A partir de 1878, ya había elaborado una «lingvo internacia» (lengua internacional) que practicaba entre sus compañeros. Sus primeros escritos fueron firmados por el seudónimo de Esperi (Esperar). Y, en efecto, fue el 26 de julio de 1887, que, partiendo de los orígenes o raíces corrientes de las distintas lenguas vivas y clásicas, bajo el seudónimo de «Doktoro Esperanto», publicaba su primer libro titulado Lengua Internacional. Prefacio y Manual completo, escrito en ruso. Libro que fue traducido al francés, en 1899, por L. Beaufront. En el 1894, Zamenhof publicaría Eksercaro, una compilación de ejercicios en cinco lenguas.
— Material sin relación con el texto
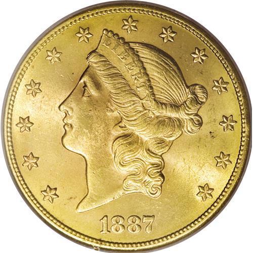 <B>1887-S $20 MS63 PCGS.</B></I> Like so many other San Francisco Mint double eagles, this date is an important condition rarity, common enough in lower grades that any collector can own an example, but elusive in better Mint State grades. Consider the total PCGS population that includes 181 circulated examples, another 348 pieces in grades from MS60 through MS62, but just 52 coins in MS63 or finer grades. This example is a remarkable piece with frosty yellow-gold luster and faint pinkish overtones. The devices are all sharply impressed on both sides. Also consider that the San Francisco Mint piece of this date is the only collectible double eagle issued during the year as the Philadelphia Mint only produced proofs. Population: 48 in 63, 4 finer (12/06).<BR><BR><b>Shipping:</b> Coins & Currency (<a target="_blank" href="http://www.heritageauctions.com/common/shipping.php">view shipping information</a>)

El esperanto es una lengua convencional, cuyo alfabeto comprende 28 letras, practicada en el mundo entero por personas de todas las nacionalidades y que sirvió de trabajo en una cincuentena de Congresos Internacionales celebrados anualmente, a partir de 1905, en diferentes países.
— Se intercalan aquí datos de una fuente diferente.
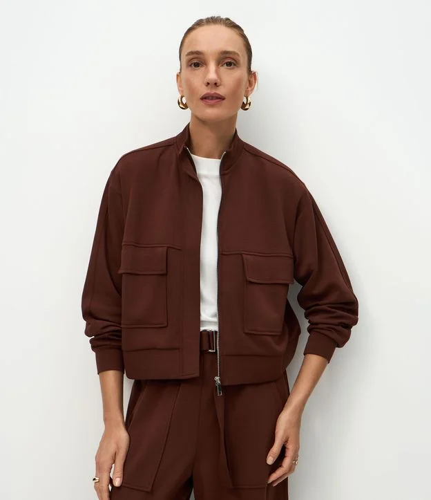 Jaqueta Alongada em Moletom sem Felpa Marrom

Zamenhof tuvo, como primera preocupación, que los pueblos llegaran a comprenderse entre sí, y de ahí, su deseo de ESPERAR. Intentando a su vez, fundar una religión internacional, basada en la fraternidad humana.
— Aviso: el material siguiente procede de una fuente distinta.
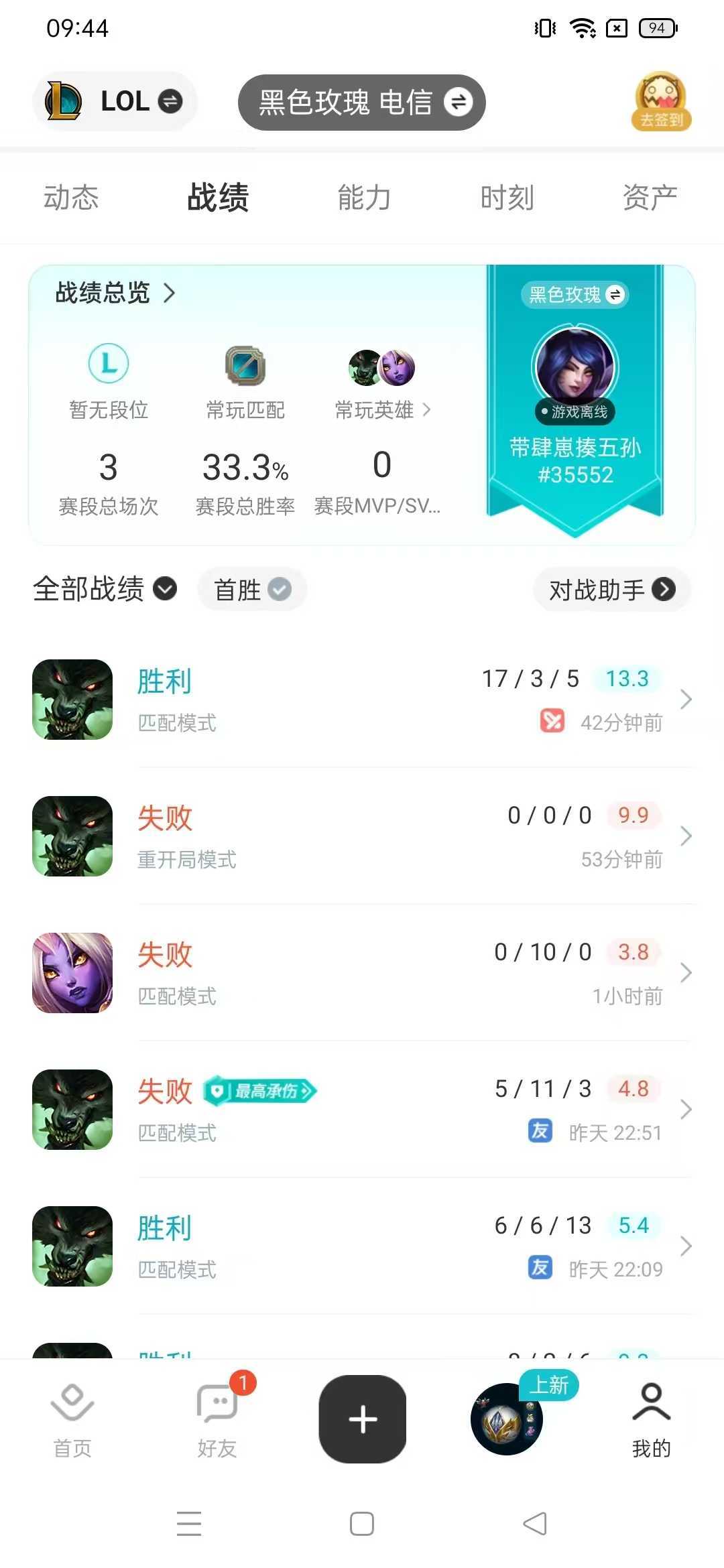 游戏区服:英雄联盟-黑色玫瑰-黑色玫瑰

Lejzer Ludowik, tradujo al esperanto Hamlet, la leyenda del príncipe danés inmortalizada por el poeta y dramaturgo William Shakespeare; escrita en 1596, y puesta en escena en 1600.

Todavía en 1920, la guerra polaco-soviética, volvía a poner en juego Bialystok, perdiendo de nuevo Polonia en julio este territorio, para recuperarlo definitivamente el 18 de agosto, con la victoria. Y todos estos avatares determinaron la confusión en torno a la nacionalidad de Zamenhof, cuyos afanes tendían fundamentalmente a un internacionalismo consciente y fraterno. En nuestros medios libertarios, antes de la revolución de 1936, muchos jóvenes idealistas, estudiaron y practicaban el esperanto. Para mí hubiera sido una satisfacción conocer esta lengua, como medio de hermanarse y comprenderse con otros seres, que tienen inquietudes, problemas y afanes semejantes a los nuestros. Quise que mis hijos aprendieran lo que yo no alcancé; Sara y Eliseo, muy jóvenes, la practicaron, carteándose con otros niños de diferentes países: Alemania, Japón, Suecia, Italia, etc. Pero la diáspora del exilio y la pérdida del contacto con el profesor, interrumpieron tan bella empresa. Nuestro amigo y compañero Víctor García, ha hecho la vuelta al mundo, valiéndose, en parte, del Esperanto, brindándole muchas posibilidades de conocer costumbres e ideas en cada uno de los pueblos que ha frecuentado, como puede observarse en sus libros. Y, finalmente, ¿qué importancia tiene para nosotros, ser ruso, chino o español, si nuestras finalidades son las de luchar en pro de la dignidad y elevación de la condición humana? Porque lo cierto es que las guerras son producto de la codicia y la falta de entendimiento entre las personas, destruyendo la identidad de los seres y el respeto a la vida.